The Andronovo (Fedorovka) group is the largest at the cemetery (ca 50 %) (Molodin et al., 2020: 486); it is characterized by the widespread use of ceramic vessels of the Andronovo or “syncretic” types in the ritual practice (Molodin, Mylnikova, Ivanova, 2014); the dead were placed in a flexed position on their sides (Molodin, 2011). Completely cremated remains are less common; some graves revealed cremated and non-cremated remains. The spatial distribution of the Andronovo (Fedorovka) burials is different in different parts of the cemetery: in dense rows, or sparsely, or with traces of the kurgan organization of space (Molodin et al., 2020). The following features atypical of the Andronovo tradition have been recorded: a significant percentage of communal graves, placing bronze daggers and horn dishes in graves, and the use of fish as funeral food (Ibid.). All these features together reflect the “barbarization” of the Andronovo culture in the Baraba forest-steppe and the heterogeneity of this population group at the cemetery (Ibid.). Cultures of the Andronovo affinity are traditionally considered pastoralist (Kuzmina,

1986: 32). However, in the burials of the group at Tartas-1, the use of fish in burial practice was noted in a significant number of cases, which indirectly indicates their consumption by the Baraba pastoralists (Molodin et al., 2015). The Andronovo (Fedorovka) burials of the cemetery date back to the 18th–15th centuries BC (Molodin et al., 2012).

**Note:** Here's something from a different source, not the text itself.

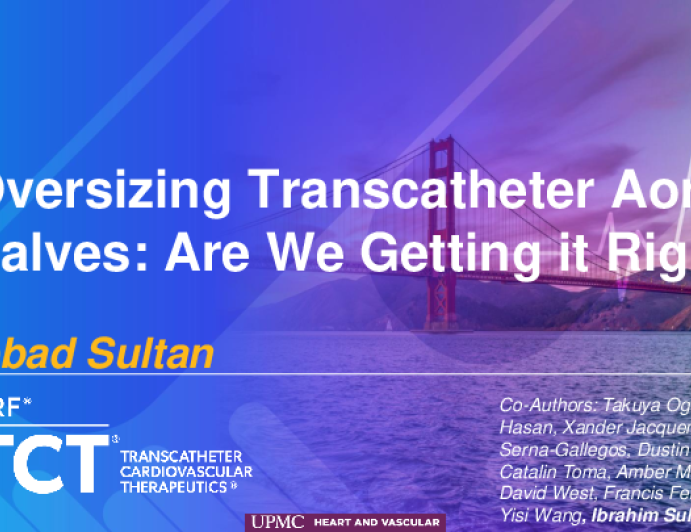 Presentation TCT 2025 TCT 1168: Oversizing in TAVR Valve Selection: Are We Getting the Size Right? Presenter: Abbad Sultan October 28, 2025 REGISTER for free or LOG IN to view this content TCT 2025 Up Next Presentation TCT 2025 TCT 493: Tailored Antiplatelet Therapy in High-Risk Diabetic Patients Undergoing Complex Percutaneous Coronary Intervention: The Prespecified Analysis of TAILORED-CHIP Trial Presenter: Seong-Bong Wee October 28, 2025 More slides + Presentation TCT 2025 TCT 624: Pre-procedural frailty scoring indices to predict delayed discharge and 1 year mortality following TAVI Presenter: Jacob Brubert October 28, 2025 Presentation TCT 2025 TCT 1171: Noncoronary sinus pivot implantation (NCPI) strategy for transcatheter aortic valve replacement with self-expanding valve in pure native aortic regurgitation: a multicenter, registry study from the CCA Database-NTCVR Presenter: Xiaochun Zhang October 28, 2025 We Recommend Disclosures <p>Nothing to disclose</p>

Craniological materials from other Baraba burial grounds contemporaneous with Tartas-1 indicate that the population that left this necropolis experienced a difficult situation reflecting the “ethno-racial interaction of migrants and groups of the autochthonous population” (Chikisheva, 2012: 116, 117). The female subgroup of the Baraba forest-steppe is the most polymorphic as compared to all other Andronovo groups* (Ibid.: 116).

Material and methods

The Late Krotovo sample includes 17 individuals (9 males, 6 females, 2 sub-adults) of which 11 are the burials of the southern cluster. The Andronovo (Fedorovka) sample includes 27 individuals (16 males, 9 females, 2 sub-adults). The sexes of the deceased were determined on the basis of pelvic and cranial morphology (Alekseev, 1966: 27); the age-at-death was determined by the degree of cranial suture fusion and tooth wear (in adults), and the dental eruption status (in sub-adults) (Meindl, Lovejoy, 1985; Scott, 1979). The main age cohorts followed the standard gradations (Alekseev, Debets, 1964: 39): Infantilis I (before the eruption of the first permanent molars, ca 6–7 years); Infantilis II (before the eruption of the second permanent molars, ca 11–12 years); Juvenis (before the fusion of the spheno-occipital synchondrosis, ca 20 years); Adultus (younger than 35 years); Maturus (younger than 50–55 years); Senilis (older 55 years). The skeletal specimens were examined for the presence of Harris lines in the tibia, and some dental pathologies (caries, enamel hypoplasia).

Harris lines are transversally oriented strips observed in the growth zones of the long bones metaphyses and diaphyses. This lesion is polyetiological and can be a result of a stress episode in childhood, as well as of disturbances of endocrine and metabolic processes (Alfonso, Thompson, Standen, 2005; Shalina, Yarmolinskaya, Abashova, 2018). The

X-ray images of the tibia were obtained using the PRDU-02 device (CJSC “Eltech”, St. Petersburg) at the Institute of Archaeology and Ethnography of SB RAS under the following protocol: voltage 45 kV, amperage 0.07 μA, exposition time 10 s. Visualization of the images was carried out in QuantorMed, ver. 2.0, using the FireCR scanner. Both tibiae of the individuals were examined at the distal and proximal ends, without magnification. The observed Harris lines were not counted, only their presence or absence and severity (weak, medium, strong) were assessed. The results of the assessment were additionally checked by a practicing radiologist.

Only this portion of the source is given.